══ Recorded data ══

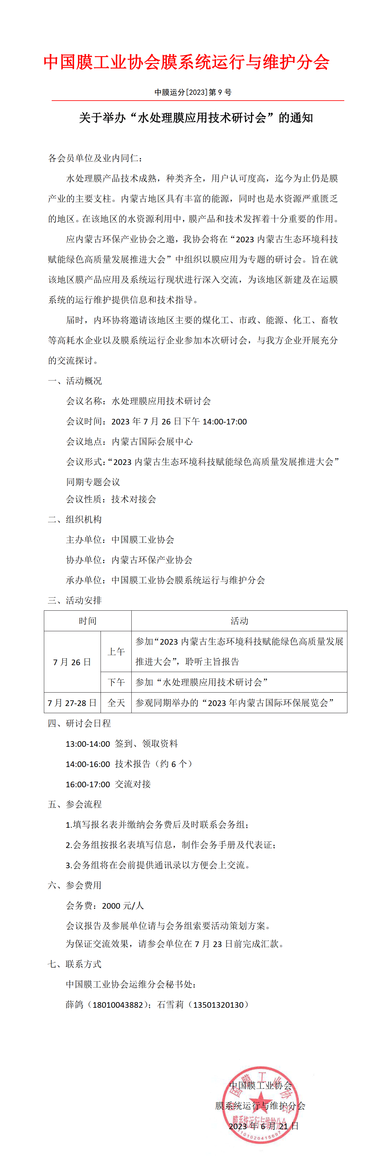 水处理膜应用技术研讨会附件
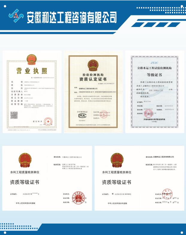 和達(dá)咨詢的前身是安徽水利中心實(shí)驗(yàn)室,2012年因交通項(xiàng)目市場(chǎng)經(jīng)營(yíng)及質(zhì)量監(jiān)管需要,注冊(cè)成立安徽江河試驗(yàn)檢測(cè)有限公司,2018年更名為安徽和達(dá)工程咨詢有限公司。經(jīng)過多年發(fā)展,現(xiàn)擁有“交通部公路工程試驗(yàn)檢測(cè)綜合乙級(jí)”“水利部水利混凝土專項(xiàng)甲級(jí)”及“巖土專項(xiàng)乙級(jí)”檢測(cè)資質(zhì),取得安徽省質(zhì)量技術(shù)監(jiān)督局計(jì)量認(rèn)證(CMA)證書,具有“建設(shè)廳建設(shè)工程造價(jià)咨詢乙級(jí)”資質(zhì)。檢測(cè)用房面積1800平方米,設(shè)有收樣室、留樣室、人防檢測(cè)室、人防檢測(cè)平臺(tái)等20余個(gè)專業(yè)功能室和400余臺(tái)套檢測(cè)設(shè)備,基本滿足日常試驗(yàn)檢測(cè)需要。實(shí)現(xiàn)營(yíng)業(yè)收入、利潤(rùn)、上繳資金逐年大幅增長(zhǎng),2019年代表蚌埠市成功申報(bào)建設(shè)國(guó)家級(jí)檢驗(yàn)檢測(cè)集聚區(qū)(安徽),被蚌埠市列為重點(diǎn)發(fā)展檢測(cè)機(jī)構(gòu)。
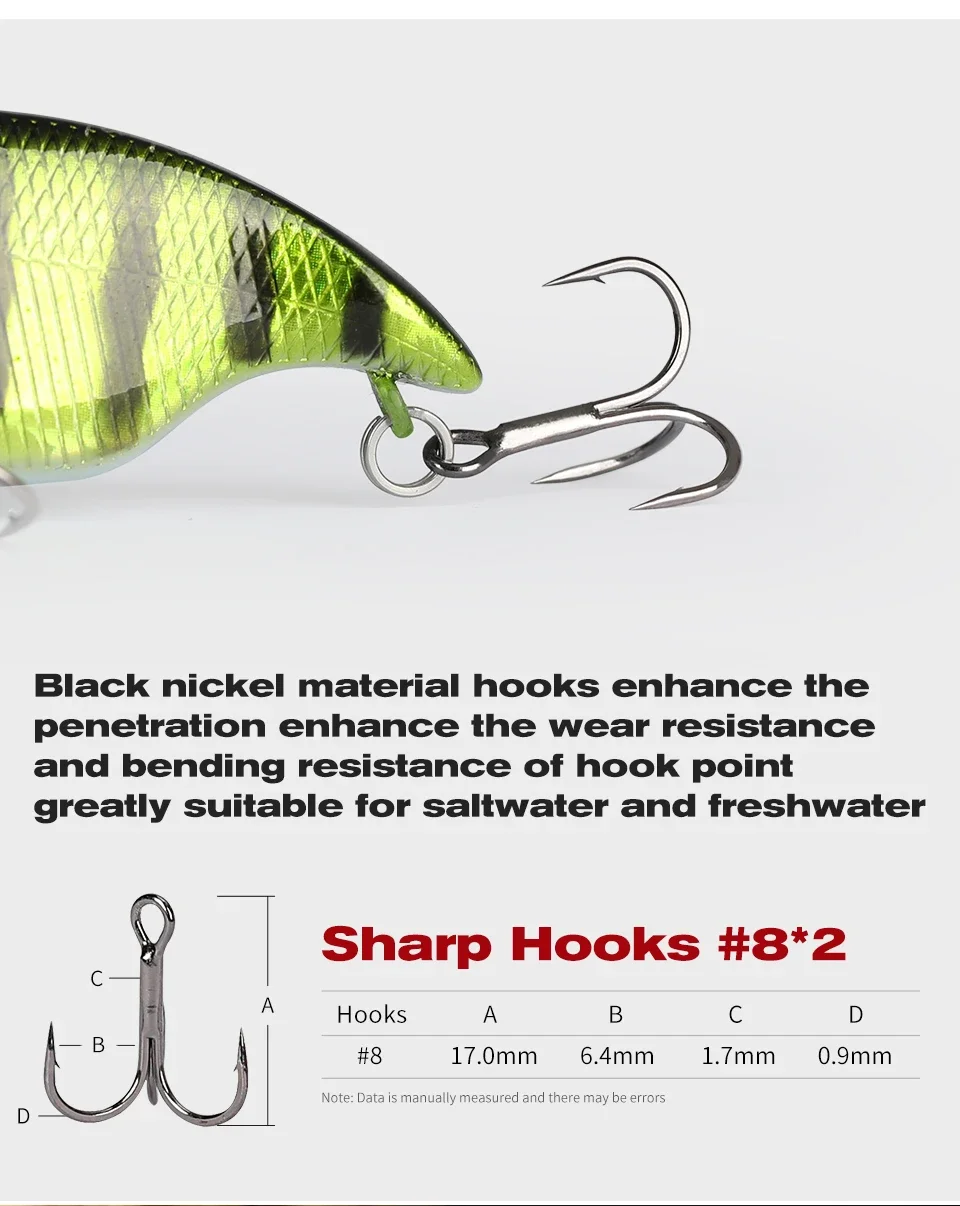 Vibración de tono ultra alto con giros violentos que desencadenan los instintos de lucha de los peces naturales.

═══

▸ **How to complete this task**
The answer is every line of the data, exactly as written, with the pictures dropped.

▸ **Reply to the exercise**
 水处理膜应用技术研讨会附件
 和達(dá)咨詢的前身是安徽水利中心實(shí)驗(yàn)室,2012年因交通項(xiàng)目市場(chǎng)經(jīng)營(yíng)及質(zhì)量監(jiān)管需要,注冊(cè)成立安徽江河試驗(yàn)檢測(cè)有限公司,2018年更名為安徽和達(dá)工程咨詢有限公司。經(jīng)過多年發(fā)展,現(xiàn)擁有“交通部公路工程試驗(yàn)檢測(cè)綜合乙級(jí)”“水利部水利混凝土專項(xiàng)甲級(jí)”及“巖土專項(xiàng)乙級(jí)”檢測(cè)資質(zhì),取得安徽省質(zhì)量技術(shù)監(jiān)督局計(jì)量認(rèn)證(CMA)證書,具有“建設(shè)廳建設(shè)工程造價(jià)咨詢乙級(jí)”資質(zhì)。檢測(cè)用房面積1800平方米,設(shè)有收樣室、留樣室、人防檢測(cè)室、人防檢測(cè)平臺(tái)等20余個(gè)專業(yè)功能室和400余臺(tái)套檢測(cè)設(shè)備,基本滿足日常試驗(yàn)檢測(cè)需要。實(shí)現(xiàn)營(yíng)業(yè)收入、利潤(rùn)、上繳資金逐年大幅增長(zhǎng),2019年代表蚌埠市成功申報(bào)建設(shè)國(guó)家級(jí)檢驗(yàn)檢測(cè)集聚區(qū)(安徽),被蚌埠市列為重點(diǎn)發(fā)展檢測(cè)機(jī)構(gòu)。
 Vibración de tono ultra alto con giros violentos que desencadenan los instintos de lucha de los peces naturales.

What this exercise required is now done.